2. The system of claim 1, the instructions further configuring the
one or more processors to detect a headphone connection, wherein
the decomposition of the surround sound audio input is responsive
to the detection of the headphone connection.
3. The system of claim 1, the instructions further configuring the
one or more processors to: detect a headphone disconnection; and
output, responsive to the detection of the headphone disconnection,
the scene sound component and the user sound component to the
plurality of loudspeakers.
4. The system of claim 1, the instructions further configuring the
one or more processors to: determine a plurality of audio channels
associated with surround sound audio input, each of the plurality
of audio channels having an associated loudspeaker location;
receive loudspeaker configuration information, the loudspeaker
configuration information indicating the number and location of
each of the plurality of loudspeakers; identify one or more
unmatched channels based on a comparison between the plurality of
audio channels and the loudspeaker configuration information; and
output the one or more unmatched channels to the user
headphone.
5. The system of claim 1, wherein the user sound component includes
a moving sound object.
6. The system of claim 1, wherein the user sound component includes
an elevated sound object, the elevated sound object having an
associated 3-D position above a listener location.
7. The system of claim 1, wherein the user headphone includes a
bone conduction headphone.
8. The system of claim 1, wherein the user headphone includes
stereo headphones, and wherein a head related transfer function
(HRTF) is used to create a perception of sound from a 3-D location
around the user headphone.
9. The system of claim 1, wherein the decomposition of the surround
sound audio input includes instructions further configuring the one
or more processors to: decompose audio objects to the scene sound
component, each audio object including an associated 3-D audio
object position; and decompose a sound source to the user sound
component, the sound source including a playback audio signal in a
final mix with an associated rendering method.

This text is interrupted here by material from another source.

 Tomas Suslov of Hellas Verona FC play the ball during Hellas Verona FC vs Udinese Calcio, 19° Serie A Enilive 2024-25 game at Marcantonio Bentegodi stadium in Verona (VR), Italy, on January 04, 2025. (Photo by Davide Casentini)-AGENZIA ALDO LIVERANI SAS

10. The system of claim 1, wherein the decomposition of the
surround sound audio input includes instructions further
configuring the one or more processors to: decompose egocentric
audio to the scene sound component, the egocentric audio including
audio specific to each headphone user; and decompose allocentric
audio to the user sound component, the allocentric audio including
audio specific to a room.
11. The system of claim 1, wherein the decomposition of the
surround sound audio input includes instructions further
configuring the one or more processors to: decompose diegetic audio
to the scene sound component, the diegetic audio including audio
visible on a video screen or implied to be present on a scene
displayed on the video screen; and decompose non-diegetic audio to
the user sound component, the non-diegetic audio not visible on the
video screen or not implied to be present on the scene displayed on
the video screen.
12. An immersive sound system method comprising: receiving a
surround sound audio input; decomposing the surround sound audio
input into a scene sound component specific to a room and a user
sound component specific to each headphone user; outputting the
scene sound component to a plurality of loudspeakers; and
outputting the user sound component to a user headphone.

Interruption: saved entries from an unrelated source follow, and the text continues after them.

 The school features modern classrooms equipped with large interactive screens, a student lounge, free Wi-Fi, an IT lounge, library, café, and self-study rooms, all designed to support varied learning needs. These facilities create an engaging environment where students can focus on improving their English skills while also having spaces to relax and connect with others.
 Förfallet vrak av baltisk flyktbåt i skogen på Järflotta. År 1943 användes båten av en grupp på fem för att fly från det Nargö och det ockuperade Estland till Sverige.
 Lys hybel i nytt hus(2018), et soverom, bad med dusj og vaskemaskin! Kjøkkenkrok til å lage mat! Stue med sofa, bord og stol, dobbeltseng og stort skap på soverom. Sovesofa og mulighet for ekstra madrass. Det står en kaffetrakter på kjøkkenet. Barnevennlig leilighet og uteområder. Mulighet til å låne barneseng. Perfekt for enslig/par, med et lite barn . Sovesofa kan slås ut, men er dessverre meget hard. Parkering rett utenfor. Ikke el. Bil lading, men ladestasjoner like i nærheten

13. The method of claim 12, further including detecting a headphone
connection, wherein the decomposition of the surround sound audio
input is responsive to the detection of the headphone
connection.
14. The method of claim 12, further including: detecting a
headphone disconnection; and outputting, responsive to the
detection of the headphone disconnection, the scene sound component
and the user sound component to the plurality of loudspeakers.

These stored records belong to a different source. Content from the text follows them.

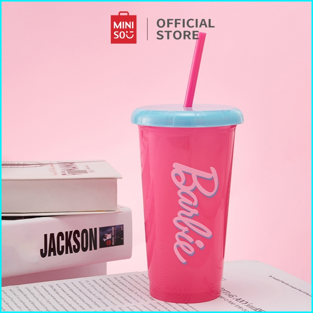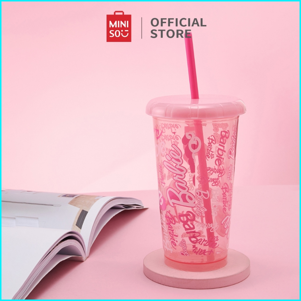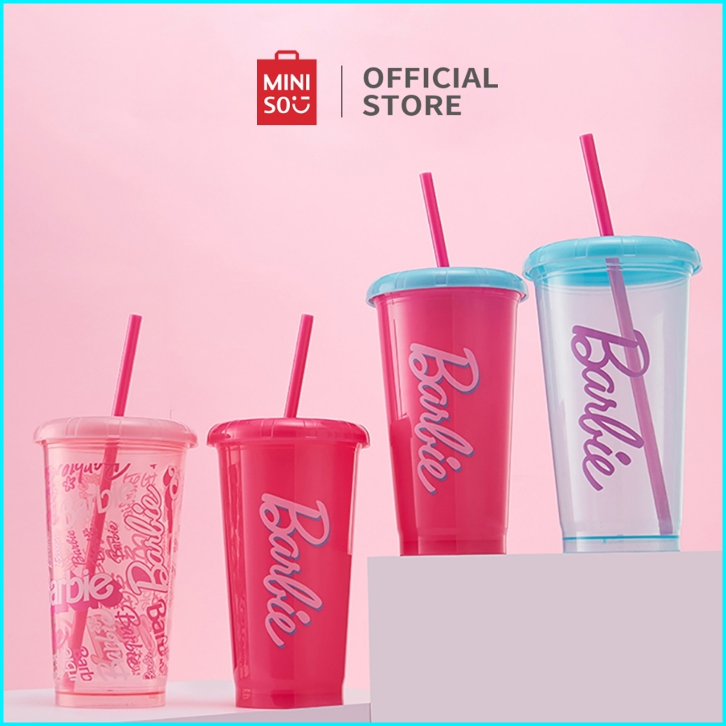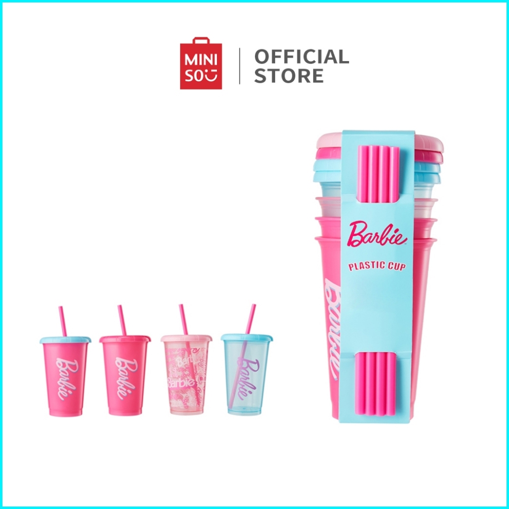 Miniso X Barbie Shining Collection Gelas Plastik 4 Pcs Dengan Sedotan Cangkir Minum Desktop Plastic Tumbler 520ml
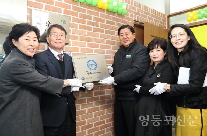 [영등포신문=함창우 기자] 조길형 영등포구청장(오른쪽에서 세 번째)이 24일 오전 자원순환센터 내 장애인 표준사업장에서 현판을 들고 기념 촬영을 하고 있다. 꿈더하기사회적협동조합 장애인 표준사업장은 한국마사회의 후원으로 발달장애인의 지역사회 자립을 위해 마련된 공간으로 지난 11월 10일 장애인 표준사업장이 한국장애인고용공단의 인증을 받았다.
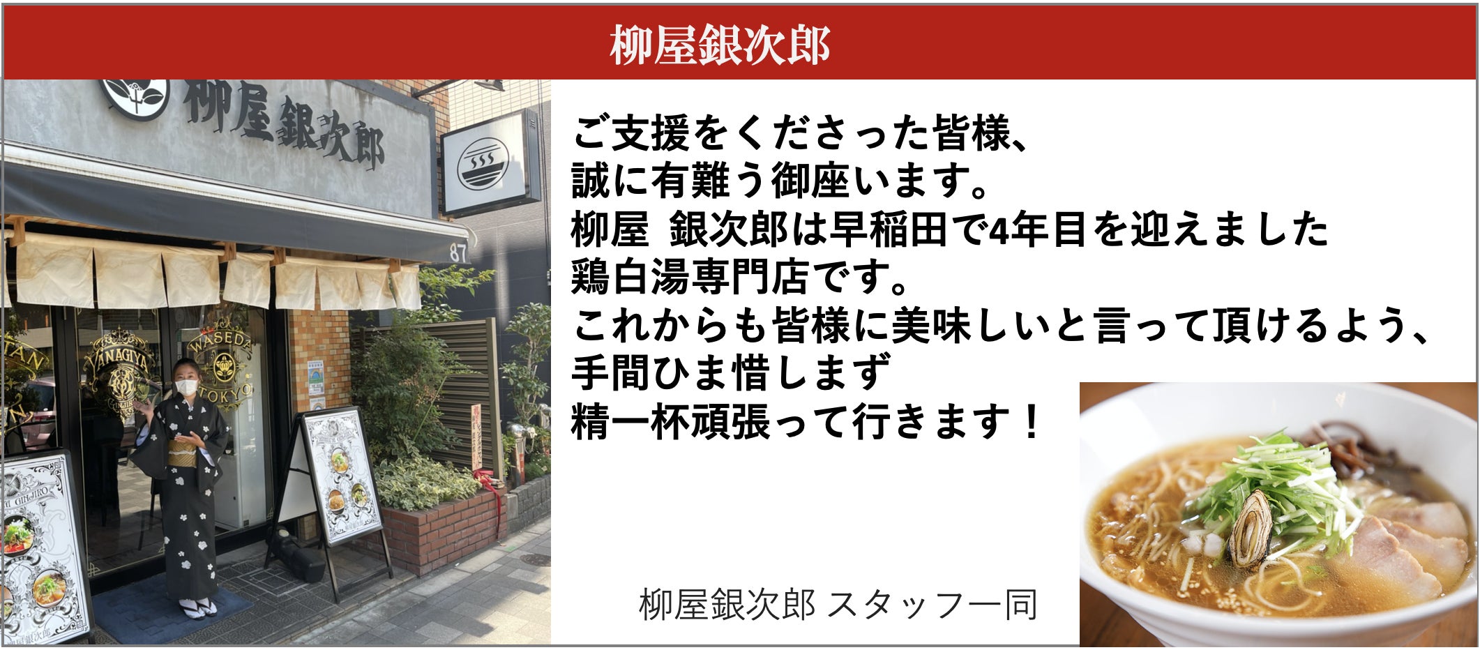 イベント後援いただいている「新宿観光振興協会」様から応援メッセージをいただきました。「高田馬場・早稲田周辺は大学や専門学校も数多く立地し、新宿区内でも特に活気にあふれるエリアです。このエリアで開催される「高田馬場・早稲田ラーメンラリー」は毎年賑わうイベントの1つ。感染防止対策をした安心なお店で、楽しい・おいしい時間をお過ごしください!」新宿観光振興協会 スタッフ一同Facebookでも応援投稿をいただきました。https://www.facebook.com/kanko.shinjuku/残り3日!!厳しい状況が続いていますが、イベント開催に向けて残り数日頑張りますのでよろしくお願いします!実行委員会 一同
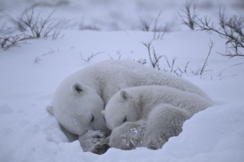 一般说来北极熊在每年的3.5月非常活跃为了觅食辗转奔波于浮冰区,过着水陆两栖的生活。在严冬北极熊外出活动大大减少,几乎可以长时间不吃东西,此时它们寻找避风的地方卧地而睡。呼吸频率降低进入局部冬眠。
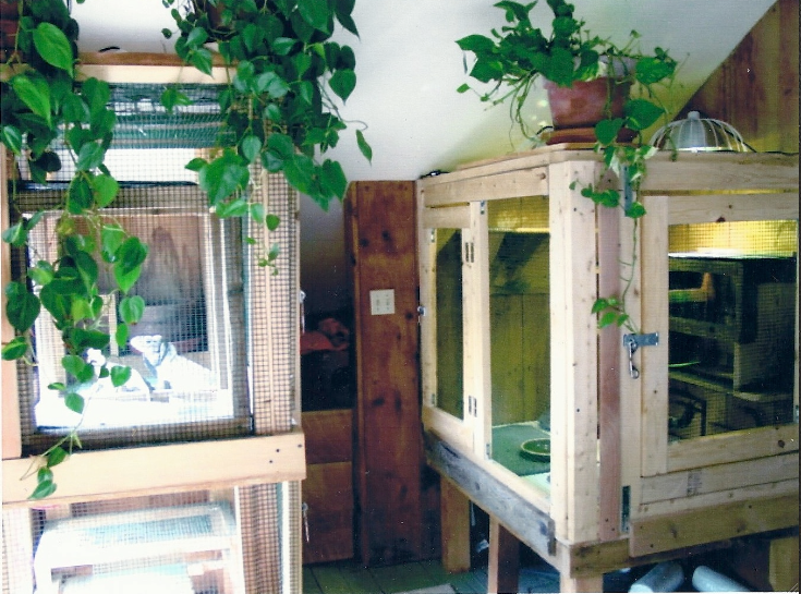 The barn faces south-east and there are sunning cages outside. On the upper deck are 6 x 10 dog kennels for the rhinos. Che and Luna have smaller cages on the lower deck. By mid-February, we’ll start getting sunny days –no clouds, no wind—and the lizards can go out on the decks for an hour. By April they can be out almost all day and I put up shade tarps, so they don’t overheat. When Che and Luna are in their sunning cages, they bob heads at each other and make faces.

15. The method of claim 12, further including: determining a
plurality of audio channels associated with surround sound audio
input, each of the plurality of audio channels having an associated
loudspeaker location; receiving loudspeaker configuration
information, the loudspeaker configuration information indicating
the number and location of each of the plurality of loudspeakers;
identifying one or more unmatched channels based on a comparison
between the plurality of audio channels and the loudspeaker
configuration information; and outputting the one or more unmatched
channels to the user headphone.
16. The method of claim 12, wherein the user headphone includes a
bone conduction headphone.
17. The method of claim 12, wherein the user headphone includes
stereo headphones, and wherein a head related transfer function
(HRTF) is used to create a perception of sound from a 3-D location
around the user headphone.
18. A non-transitory machine-readable storage medium comprising a
plurality of instructions that, when executed with a processor of a
device, cause the device to: receive a surround sound audio input;
decompose the surround sound audio input into a scene sound
component specific to a room and a user sound component specific to
each headphone user; output the scene sound component to a
plurality of loudspeakers; and output the user sound component to a
user headphone.
19. The non-transitory machine-readable storage medium of claim 18,
the instructions further causing the device to detect a headphone
connection, wherein the decomposition of the surround sound audio
input is responsive to the detection of the headphone
connection.
20. The non-transitory machine-readable storage medium of claim 18,
the instructions further causing the device to: detect a headphone
disconnection; and output, responsive to the detection of the
headphone disconnection, the scene sound component and the user
sound component to the plurality of loudspeakers.
Description
TECHNICAL FIELD
The technology described in this patent document relates to systems
and methods for reproducing surround sound encoded audio for a
listener.
BACKGROUND
A surround sound system includes multiple speakers for reproducing
an audio source for a listener (e.g., user). A typical surround
sound system may include front, rear, or side speakers arranged to
create the perception of sound coming from any direction in a
horizontal plane around the listener. An immersive sound system may
include speakers above or below a listener's ears, which may be
used to create the perception of sound coming from any location
around the listener.
Surround or immersive sound systems may be able to localize a sound
to a particular point in a room, and typically localize sound at a
"sweet spot" or primary listening position, which describes a
listener's physical position that localizes the reproduced sound at
the location of the listener's ears. However, such systems are
unable place a sound in a position relative to listeners in various
positions. For example, sound that is localized to the right of one
listener may be localized to the left of another listener. This
room-specific localization may reduce the number of positions where
listeners can be seated. What is needed is an improved system for
reproducing surround sound at various listener positions.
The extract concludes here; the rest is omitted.